··· Data for the task
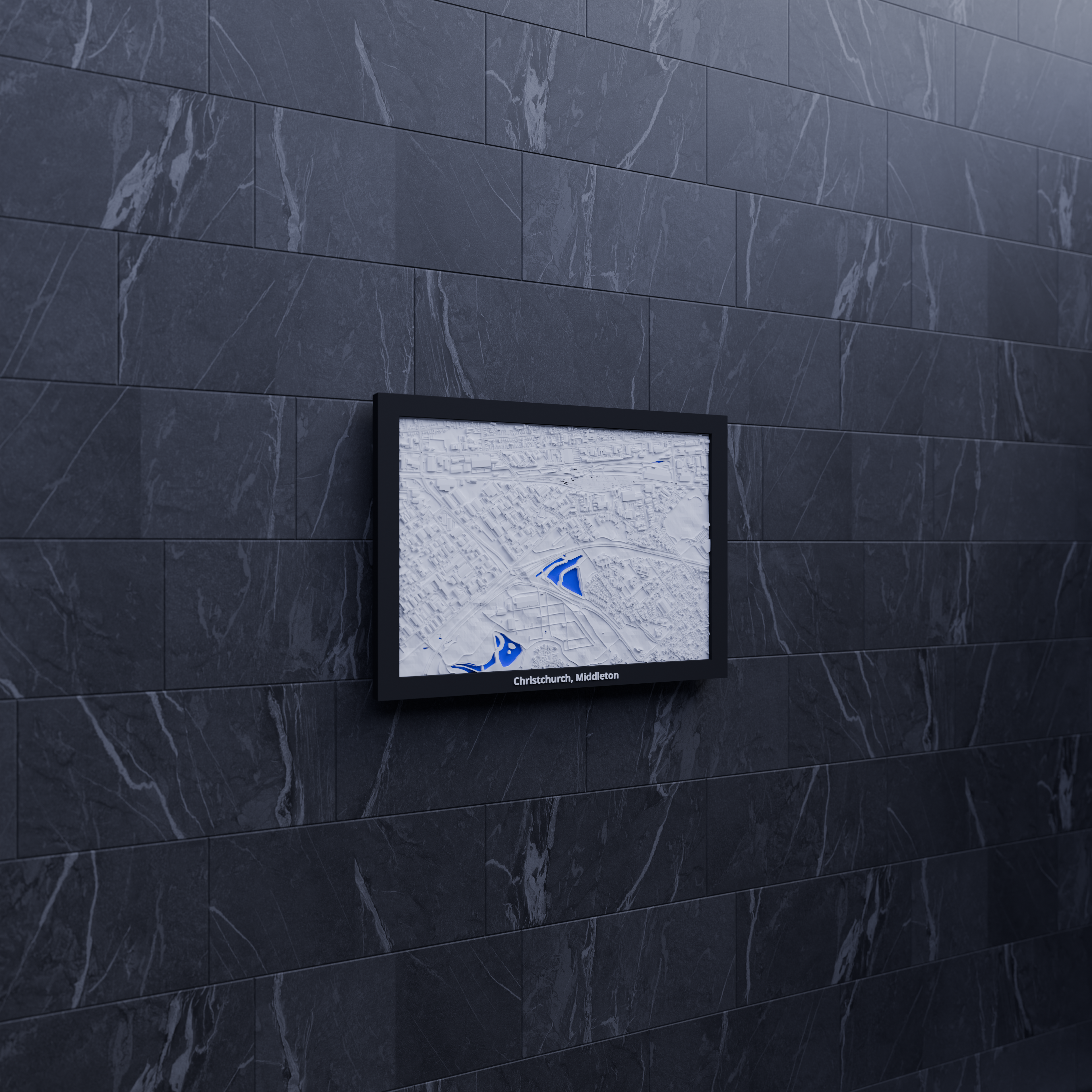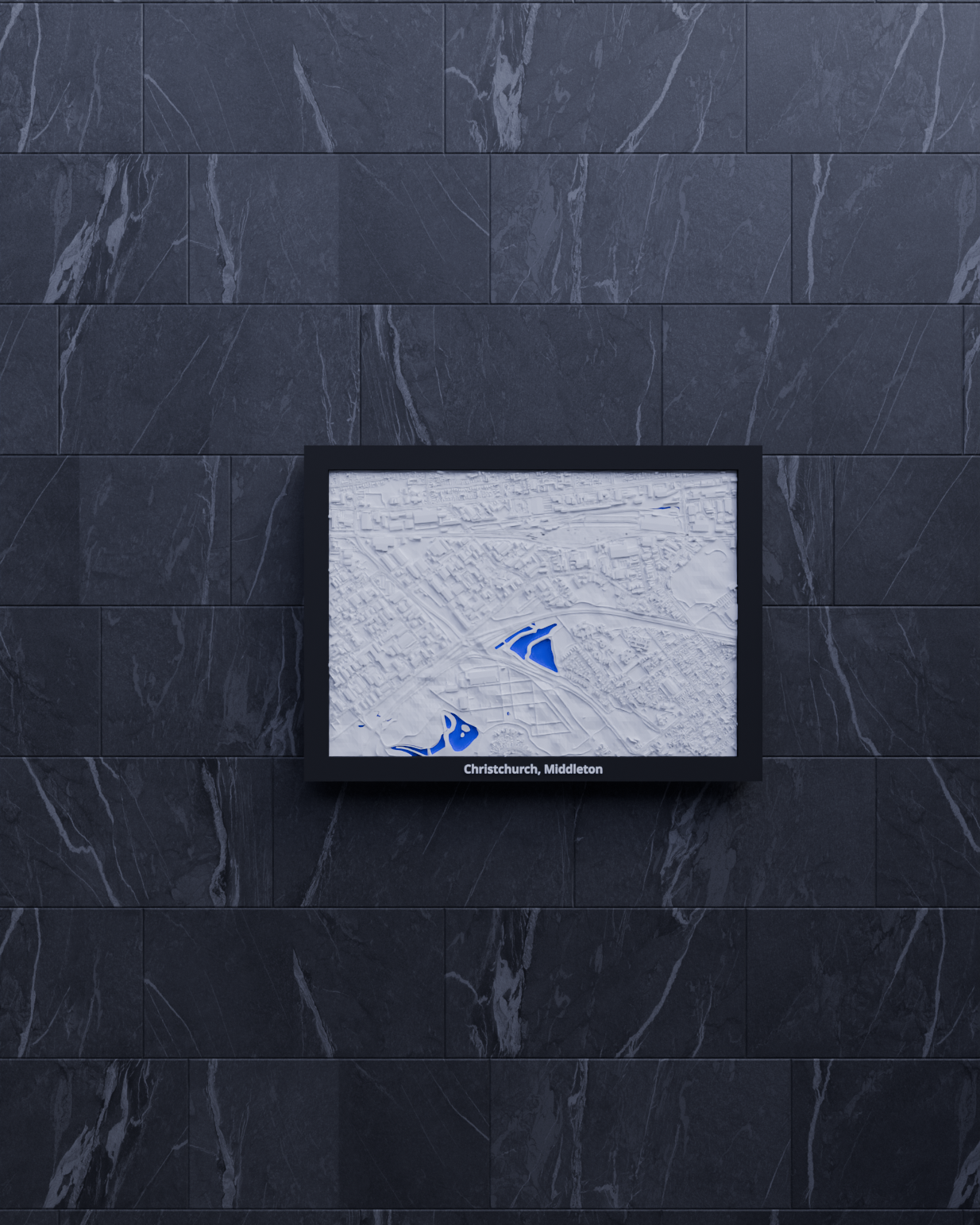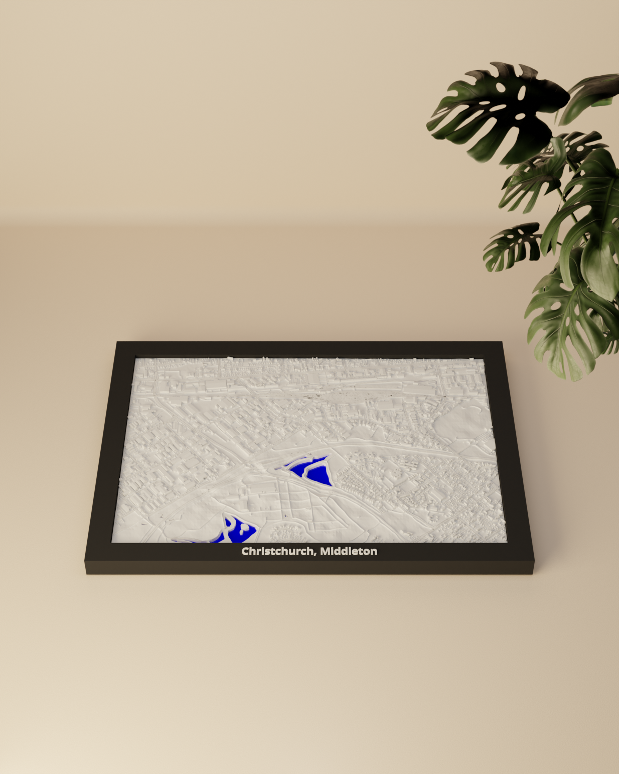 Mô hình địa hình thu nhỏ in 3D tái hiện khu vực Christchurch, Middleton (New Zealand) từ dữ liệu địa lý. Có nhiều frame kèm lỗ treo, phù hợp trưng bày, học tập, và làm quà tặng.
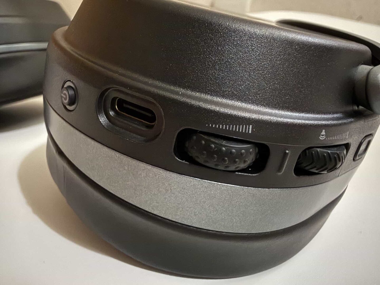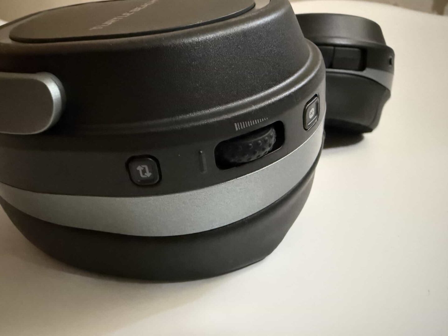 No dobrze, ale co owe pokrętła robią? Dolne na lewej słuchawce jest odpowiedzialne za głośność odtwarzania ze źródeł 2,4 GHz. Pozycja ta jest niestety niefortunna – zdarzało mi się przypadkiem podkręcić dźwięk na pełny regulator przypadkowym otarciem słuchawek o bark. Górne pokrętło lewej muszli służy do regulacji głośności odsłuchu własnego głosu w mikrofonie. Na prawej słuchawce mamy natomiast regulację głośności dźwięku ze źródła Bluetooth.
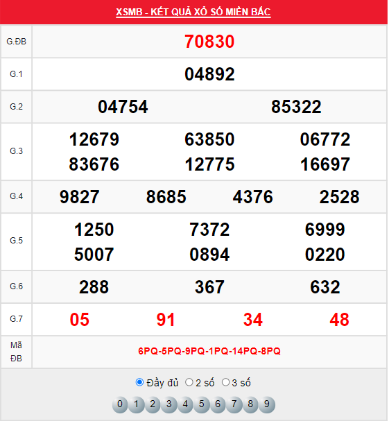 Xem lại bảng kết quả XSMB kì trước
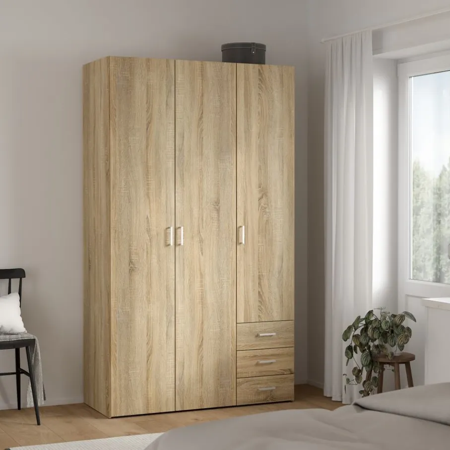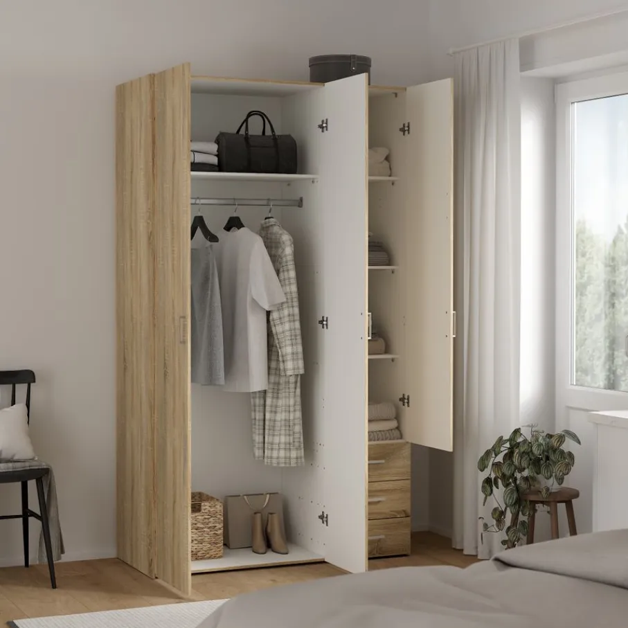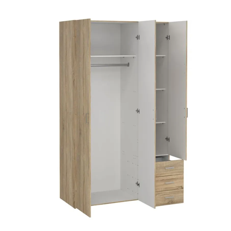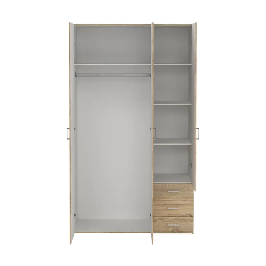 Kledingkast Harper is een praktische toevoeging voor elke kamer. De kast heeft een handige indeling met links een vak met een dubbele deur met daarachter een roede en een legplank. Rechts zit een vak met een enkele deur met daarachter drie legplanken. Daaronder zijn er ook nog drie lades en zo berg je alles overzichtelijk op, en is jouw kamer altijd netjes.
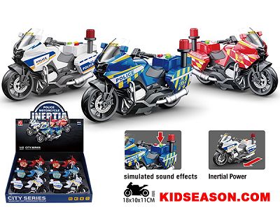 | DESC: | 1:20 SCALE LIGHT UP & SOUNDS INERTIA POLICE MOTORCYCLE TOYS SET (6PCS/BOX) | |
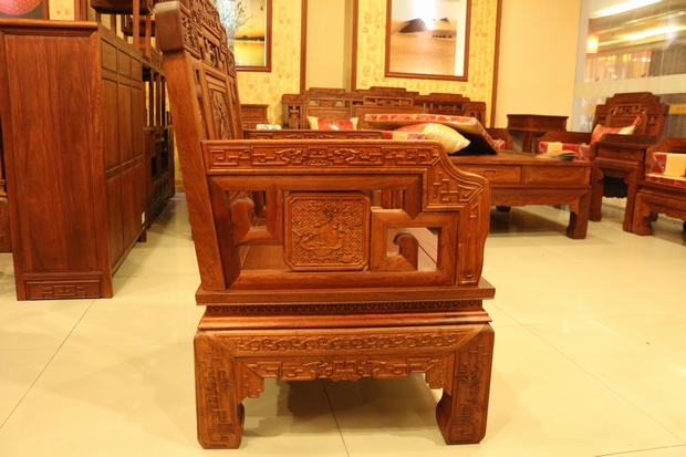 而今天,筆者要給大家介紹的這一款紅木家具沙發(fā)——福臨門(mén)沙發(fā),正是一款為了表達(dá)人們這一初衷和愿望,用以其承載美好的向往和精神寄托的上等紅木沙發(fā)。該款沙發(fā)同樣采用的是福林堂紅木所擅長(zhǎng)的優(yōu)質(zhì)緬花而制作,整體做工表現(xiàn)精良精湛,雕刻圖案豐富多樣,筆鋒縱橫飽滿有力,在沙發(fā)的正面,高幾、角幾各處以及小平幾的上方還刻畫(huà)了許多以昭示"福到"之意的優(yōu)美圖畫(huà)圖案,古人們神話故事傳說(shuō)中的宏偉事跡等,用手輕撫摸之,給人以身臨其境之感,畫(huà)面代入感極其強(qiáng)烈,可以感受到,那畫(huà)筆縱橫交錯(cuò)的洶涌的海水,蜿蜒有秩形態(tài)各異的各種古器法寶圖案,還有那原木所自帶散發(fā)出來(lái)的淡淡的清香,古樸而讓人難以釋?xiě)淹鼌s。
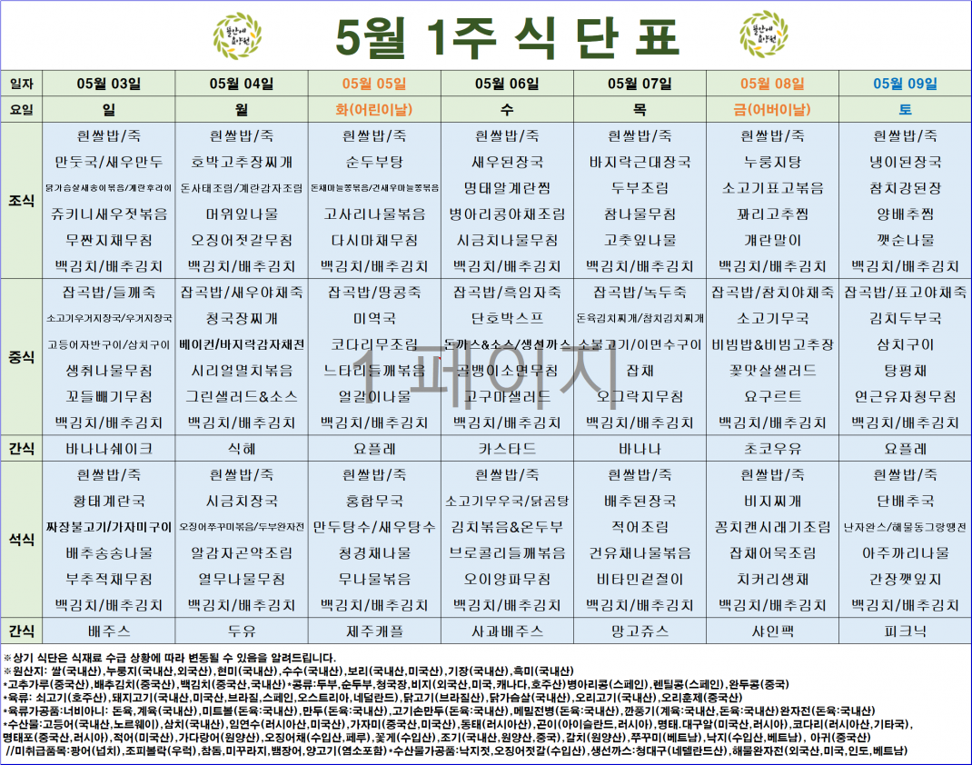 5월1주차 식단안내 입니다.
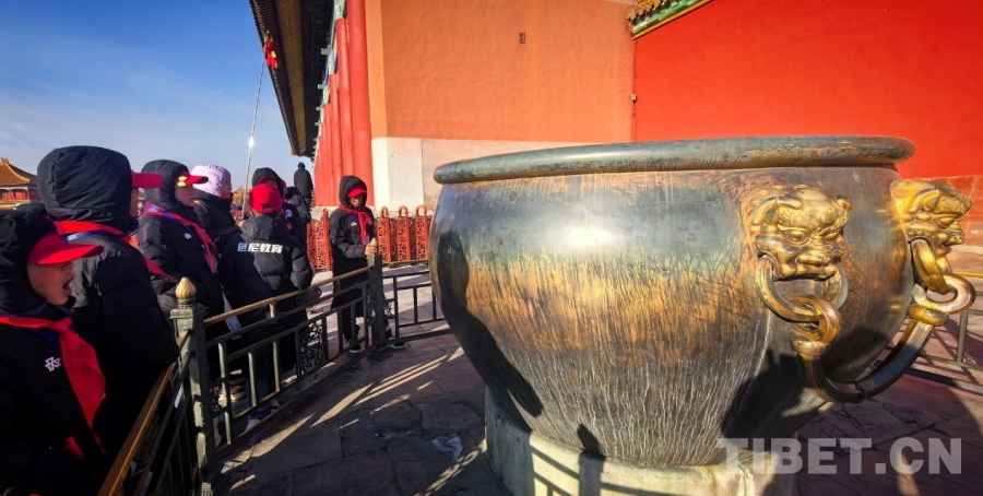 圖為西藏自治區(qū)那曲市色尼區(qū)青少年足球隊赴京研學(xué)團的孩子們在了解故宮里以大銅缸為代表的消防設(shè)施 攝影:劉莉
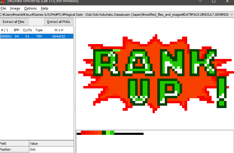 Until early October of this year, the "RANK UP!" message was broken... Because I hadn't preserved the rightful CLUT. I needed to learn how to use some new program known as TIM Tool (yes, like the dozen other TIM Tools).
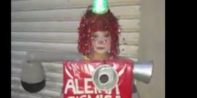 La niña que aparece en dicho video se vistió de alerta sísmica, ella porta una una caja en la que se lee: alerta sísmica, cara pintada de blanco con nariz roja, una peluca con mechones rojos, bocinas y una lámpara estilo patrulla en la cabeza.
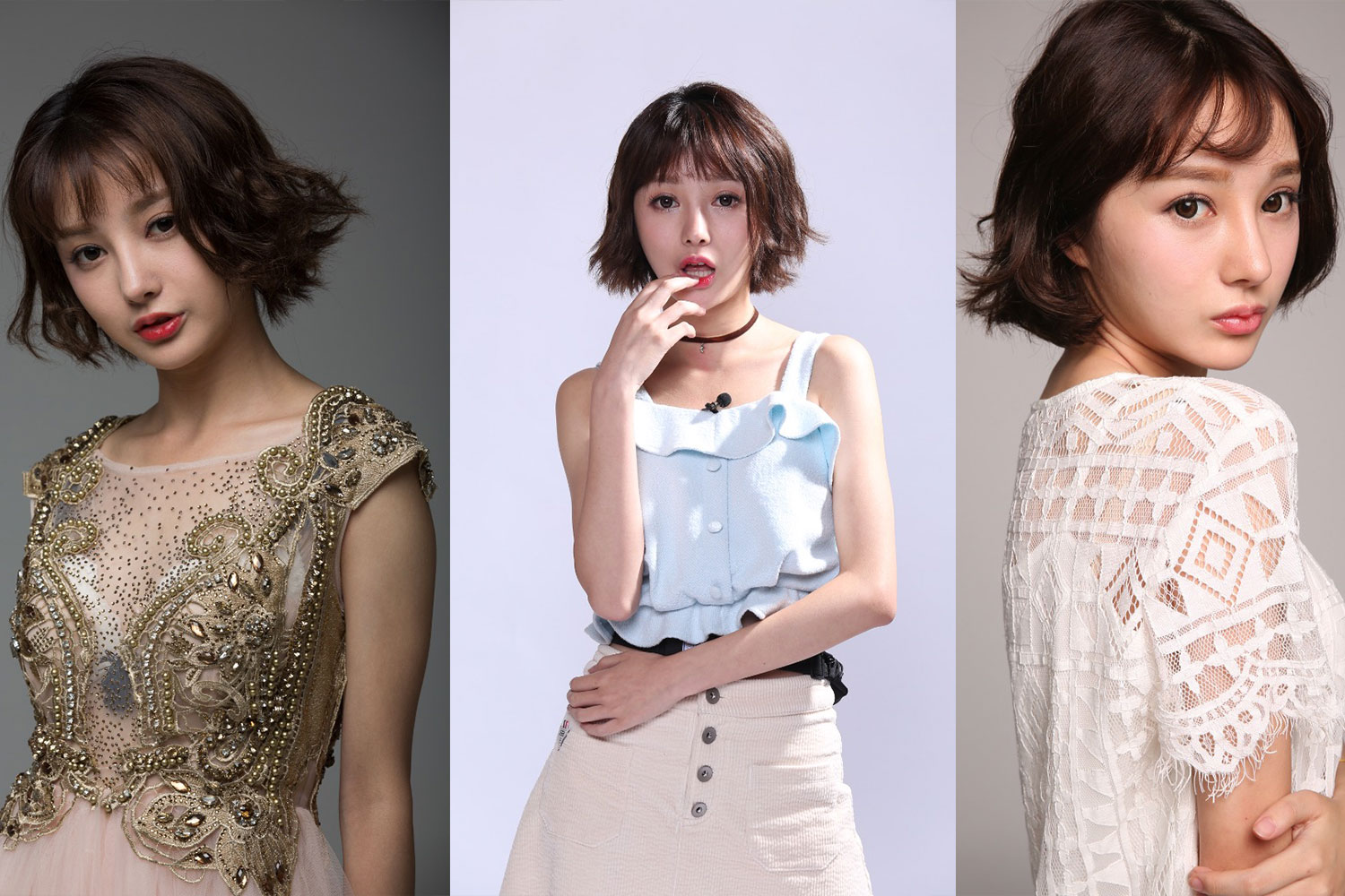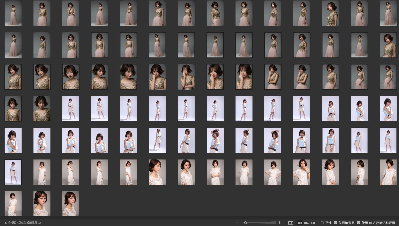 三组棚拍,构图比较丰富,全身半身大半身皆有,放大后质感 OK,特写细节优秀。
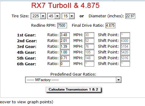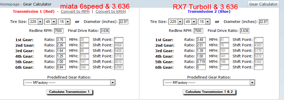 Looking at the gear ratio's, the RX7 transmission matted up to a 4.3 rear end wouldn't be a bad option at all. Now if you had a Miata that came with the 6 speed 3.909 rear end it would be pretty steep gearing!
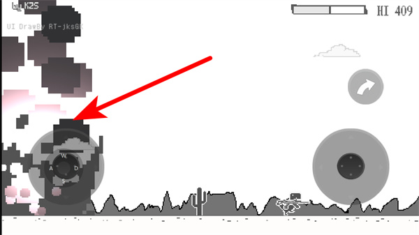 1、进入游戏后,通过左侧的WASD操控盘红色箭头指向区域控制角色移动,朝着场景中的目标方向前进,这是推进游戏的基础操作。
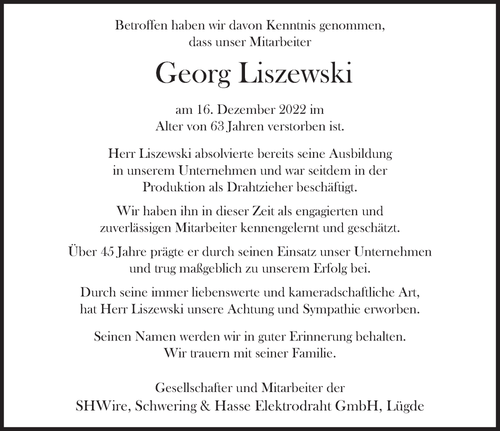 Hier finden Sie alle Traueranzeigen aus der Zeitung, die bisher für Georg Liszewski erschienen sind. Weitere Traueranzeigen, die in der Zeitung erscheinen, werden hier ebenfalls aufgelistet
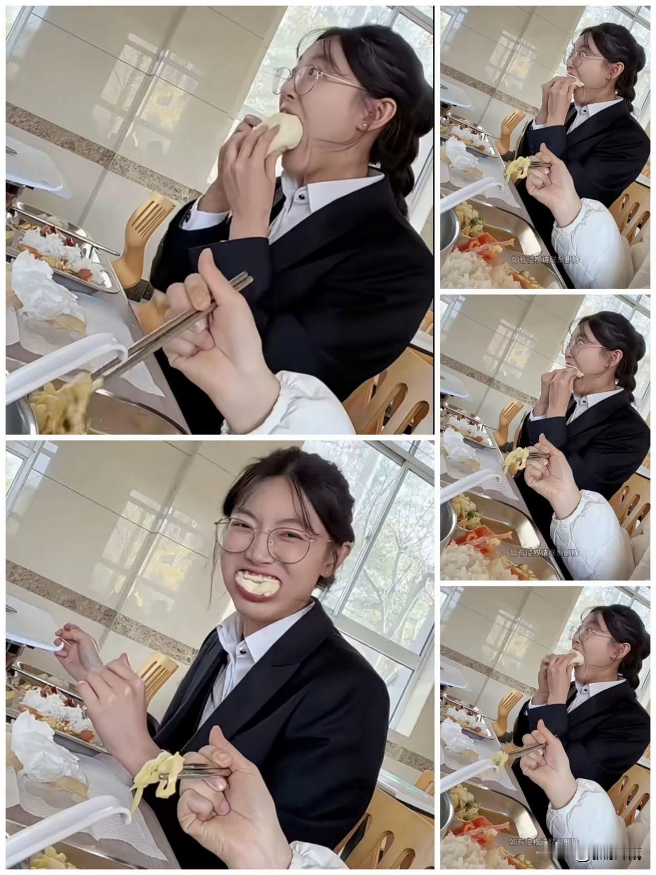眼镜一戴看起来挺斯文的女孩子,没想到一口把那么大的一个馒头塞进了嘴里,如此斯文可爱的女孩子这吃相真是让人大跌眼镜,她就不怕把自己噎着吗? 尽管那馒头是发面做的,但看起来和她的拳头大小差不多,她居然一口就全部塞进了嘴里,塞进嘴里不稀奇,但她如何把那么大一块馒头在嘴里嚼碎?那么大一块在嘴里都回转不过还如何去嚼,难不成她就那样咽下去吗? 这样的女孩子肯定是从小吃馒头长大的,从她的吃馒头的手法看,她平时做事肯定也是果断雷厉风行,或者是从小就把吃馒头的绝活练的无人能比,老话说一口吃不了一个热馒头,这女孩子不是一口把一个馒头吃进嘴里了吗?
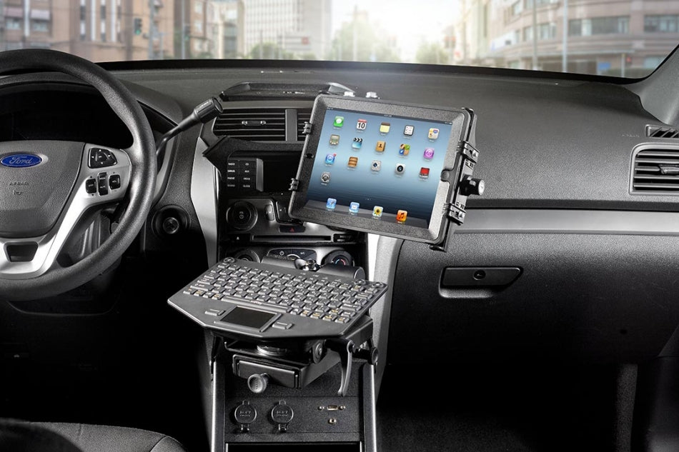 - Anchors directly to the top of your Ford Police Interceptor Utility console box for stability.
······
**Required action**
Taking the entries above, copy word for word the lines from the one with "La niña que" up to and including the one with "Looking at the", without any picture.

**Exercise answer**
 La niña que aparece en dicho video se vistió de alerta sísmica, ella porta una una caja en la que se lee: alerta sísmica, cara pintada de blanco con nariz roja, una peluca con mechones rojos, bocinas y una lámpara estilo patrulla en la cabeza.
 三组棚拍,构图比较丰富,全身半身大半身皆有,放大后质感 OK,特写细节优秀。
 Looking at the gear ratio's, the RX7 transmission matted up to a 4.3 rear end wouldn't be a bad option at all. Now if you had a Miata that came with the 6 speed 3.909 rear end it would be pretty steep gearing!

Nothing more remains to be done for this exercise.